Кабанов Александр Михайлович родился в 1968 году в Херсоне. Окончил факультет журналистики Киевского госуниверситета им. Т. Г. Шевченко. Автор девяти поэтических книг. Основатель поэтического фестиваля “Киевские лавры”, главный редактор “журнала культурного сопротивления” “ШО”. Лауреат нескольких литературных премий, в том числе премии журнала “Новый мир” (2005) и премии “Anthologia” (2010). Живет в Киеве.

* *

*

Долго умирал Чингачгук: хороший индеец,

волосы его — измолотый чёрный перец,

тело его — пурпурный шафран Кашмира,

а пенис его — табак, погасшая трубка мира.

Он лежал на кухне, как будто приправа:

слева — газовая плита, холодильник — справа,

весь охвачен горячкою бледнолицей,

мысли его — тимьян, а слова — бергамот с корицей.

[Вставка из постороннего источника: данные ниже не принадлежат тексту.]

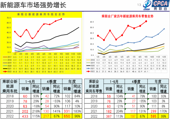 乘联会数据显示,今年10月国内新能源乘用车零售销量达到55.6万辆,同比增长75.2%,零售渗透率30.2%,较2021年10月18.5%的渗透率提升11个百分点;1-10月新能源乘用车国内零售443.2万辆,同比增长107.5%。

Мы застряли в пробке, в долине предков,

посреди пустых бутылок, гнилых объедков,

считывая снег и ливень по штрих-коду:

мы везли индейцу огненную воду.

А он бредил на кухне, отмудохан ментами,

связан полотенцами и, крест-накрест, бинтами:

“Скво моя, Москво, брови твои — горностаи…”,

скальпы облаков собирались в стаи

у ближайшей зоны, выстраивались в колонны —

гопники-ирокезы и щипачи-гуроны,

покидали генеральские дачи — апачи,

ритуальные бросив пороки,

выдвигались на джипах-“чероки”.

Наша юность навечно застряла в пробке,

прижимая к сердцу шприцы, косяки, коробки,

а в коробках — коньяк и три пластиковых стакана:

за тебя и меня, за последнего могикана.

* *

*

Небо-небо, дабо-дабо, школьный аммонит:

что ещё царевна-жаба за щекой хранит?

Кости, суффиксы, коренья, выцветший тюрбан,

внутренние ударенья в слове “барабан”,

два притопа, три прихлопа, чавканье болот,

озарение циклопа в слове “полиглот”.

Чу, ещё искрит проводкой мёртвый жилмассив,

атомной подводной лодкой тонет мой курсив,

девичье ребро стакана в крошках от мацы:

Рабиновича Ивана помянём, стрельцы,

к нашим седлам присобачен чёрный ноутбук,

небо-небо, счёт оплачен, слишком много букв.

Что ещё царевна-жаба прячет за щекой:

волос Вольки ибн Хоттаба, вырванный с чекой,

повторенье вечных пауз, мудрости кумыс,

небо-небо, этот хаос обречён на смысл,

не печалилась душа бы о гробовщике,

окажись она у жабы, но в другой щеке.

Шишиа

Резервация наша обширна покуда: обыватель богат и ссыклив,

час прилива, и море похоже на блюдо маринованных слив,

вдоль веранды — прохладная синь винограда, накрывают столы,

конституция наша, чего тебе надо — благодарности или хулы?

Коренастые слуги взрыхляют салаты, задыхаясь от быстрой ходьбы:

присягали на верность, и всё ж — вороваты из Бобруйска и Львова рабы,

лепестки оленины, цветные цукаты, звон приборов и вновь тишина,

как люблю я, товарищ, российские штаты, Шишиа ты моя, Шишиа.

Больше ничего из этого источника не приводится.